Nothing for breakfast, no snacks (those are for fat people who they hate), no other 'main' meals planned, booze had run dry (except for FILs secret stash of beers in the garage).
I remember FIL muttering that he had expected us to have left overs for a few days, but there was just enough for the main meal, let alone enough to sustain 6 adults for days on end as they had, bafflingly expected.
The first time I went to visit there was nothing to eat except a small amount of cheese on toast on Boxing Day (and there was barely enough of that) and then DH and I went out and spent a lot of money buying enough food for six adults when we were poor new cohabitees in our early 20s in our first job. And his parents expected NAICE food too. His brother contributed not a crumb. I'm going to admit I was livid, and it didn't do our relationship much good.

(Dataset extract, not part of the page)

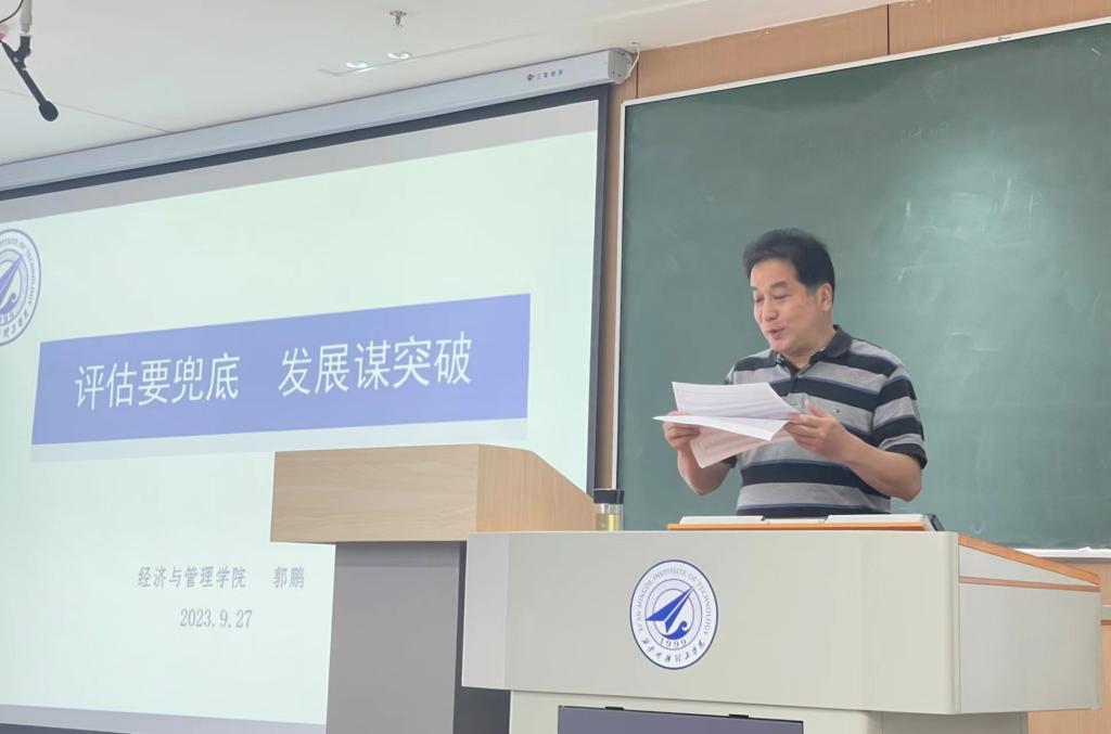 会上,郭鹏院长对新进教职工进行了介绍,对学院领导班子分工做了说明,重点宣讲了本学期学院重点工作、合格评估、团队建设及标志性成果培育等方面工作的思路和实现路径,并对聘期绩效考核和职称评审工作做了解读。他号召全体教职工以本科教学工作合格评估为契机,不断提升教学水平和教学管理能力;以团队建设及标志性成果培育为抓手,为学院发展建设做出突出贡献。郭院长代表学院班子成员向与会教职工及其家庭送上中秋、国庆双节的慰问和祝福。

Future Christmases were handled by 'bringing the cheese board and a pudding'. And of course this included fruit, chocolate, bread, butter, nuts, crackers, chutneys, antipasti and additional booze. Sometimes even a ham. And booking somewhere for Boxing Day lunch (I never managed to get them to agree to book somewhere for Christmas Eve dinner... that is a whole other story). And not staying for that long.
But honestly, the resentment at the insistance that we spend Christmas with people who didn't really like it, and had the hosting abilities of a bed bug, alongside being generally nasty, difficult people set in.
I'm going to come clean and admit I am now v low contact with MIL for many, many other reasons, (FIL died a few years ago) and it is glorius to have dropped the rope over trying to make visits to them in general, but most of all Christmas, work. DH is unhappy about it though... Standing your ground does come with a price.